## [Task instructions]
Any picture in the listing is left out of the copy; all else is duplicated exactly.

*** Recorded data Section Begins ***

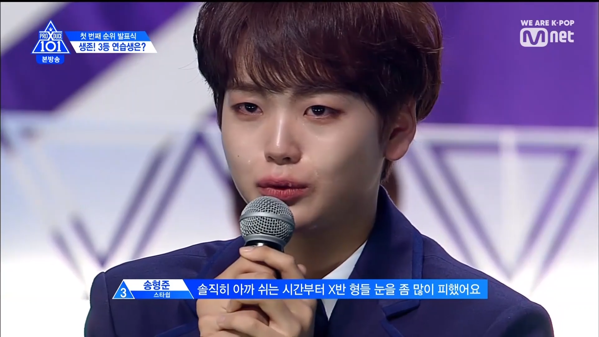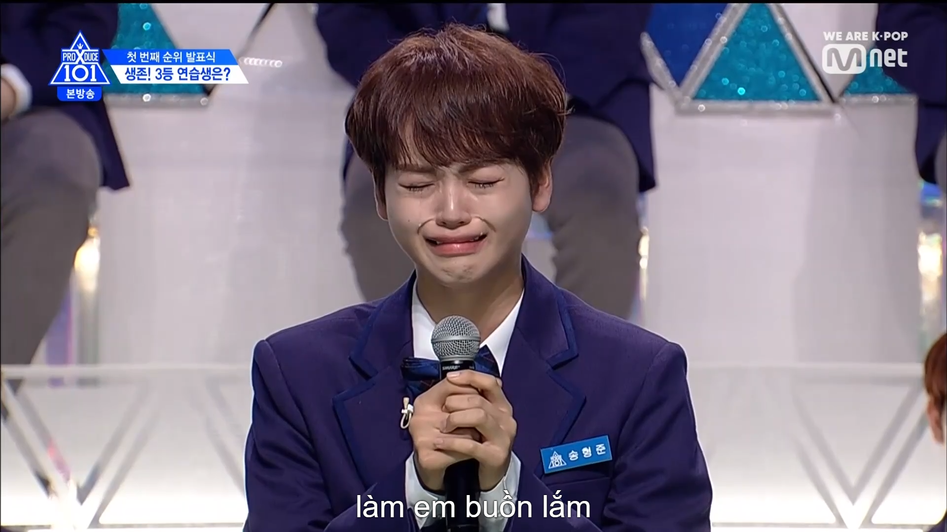 Cậu bé đã bật khóc vô cùng đáng yêu khi bày tỏ nỗi buồn vì rời xa các anh lớp X. Giọt nước mắt của Hyung Jun đã khiến mọi người bật cười trước sự dễ thương của em bé.
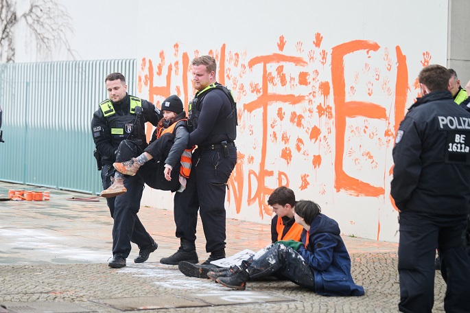 Members of the Last Generation climate activism group daubed orange paint onto the façade of the German chancellery on Saturday
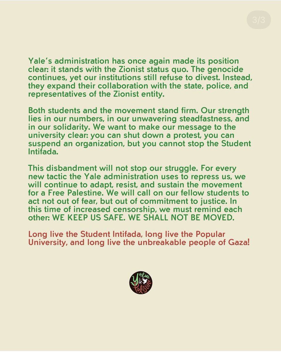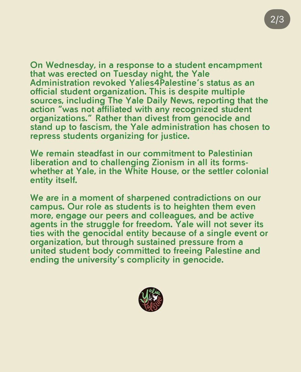 Yalies4Palestine who just lost their status as a Yale student group following their illegal and antisemitic encampment at Yale on Tuesday have now pushed back against school admin in calling for a “student intifada.” These students must be expelled! #defundyale
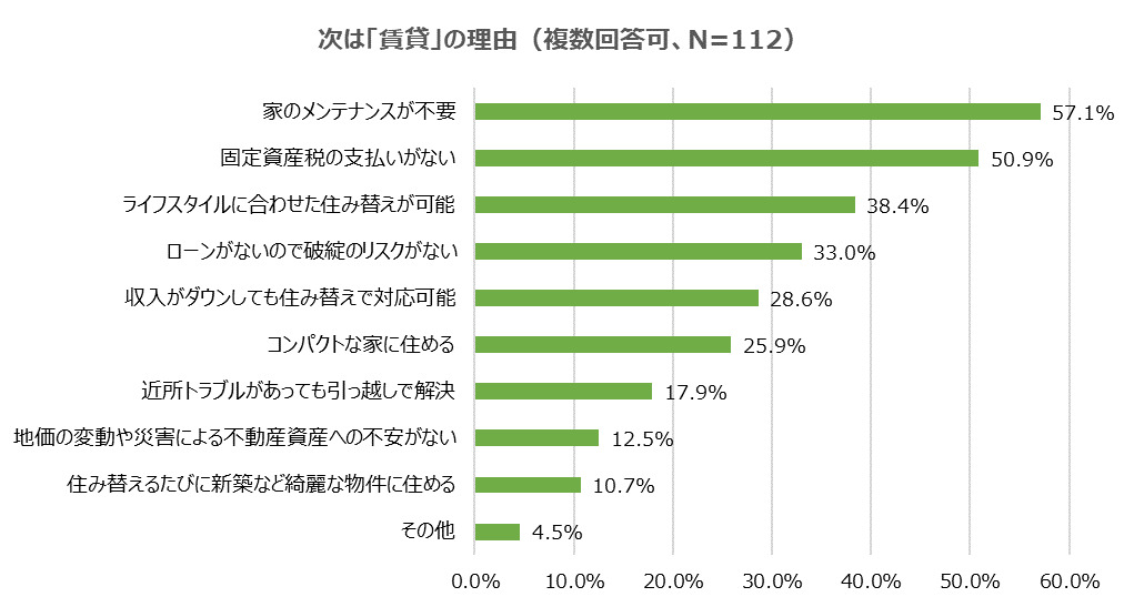 つぎに「賃貸」と回答した人にもその理由を聞きました。『家のメンテナンスが不要』(57.1%)、『固定資産税の支払いがない』(50.9%)が半数以上占め、『ライフスタイルに合わせた住み替えが可能』(38.4%)、『ローンがないので破綻リスクがない』(33.0%)、『収入がダウンしても住み替えで対応可能』(28.6%)、『コンパクトな家に住める』(25.9%)、『近所トラブルがあっても引越しで解決』(17.9%)、『地価の変動や災害による不動産価値への不安がない』(12.5%)、『住み替えるたびに新築など綺麗な物件に住める』(10.7%)となり、『その他』(4.5%)には「財産を残したくない」「高齢なのでローンが組めない」「購入したものは収益物件で、自宅は賃貸」などがありました。

*** Recorded data Section Ends ***

## [Task answer]
 Cậu bé đã bật khóc vô cùng đáng yêu khi bày tỏ nỗi buồn vì rời xa các anh lớp X. Giọt nước mắt của Hyung Jun đã khiến mọi người bật cười trước sự dễ thương của em bé.
 Members of the Last Generation climate activism group daubed orange paint onto the façade of the German chancellery on Saturday
 Yalies4Palestine who just lost their status as a Yale student group following their illegal and antisemitic encampment at Yale on Tuesday have now pushed back against school admin in calling for a “student intifada.” These students must be expelled! #defundyale
 つぎに「賃貸」と回答した人にもその理由を聞きました。『家のメンテナンスが不要』(57.1%)、『固定資産税の支払いがない』(50.9%)が半数以上占め、『ライフスタイルに合わせた住み替えが可能』(38.4%)、『ローンがないので破綻リスクがない』(33.0%)、『収入がダウンしても住み替えで対応可能』(28.6%)、『コンパクトな家に住める』(25.9%)、『近所トラブルがあっても引越しで解決』(17.9%)、『地価の変動や災害による不動産価値への不安がない』(12.5%)、『住み替えるたびに新築など綺麗な物件に住める』(10.7%)となり、『その他』(4.5%)には「財産を残したくない」「高齢なのでローンが組めない」「購入したものは収益物件で、自宅は賃貸」などがありました。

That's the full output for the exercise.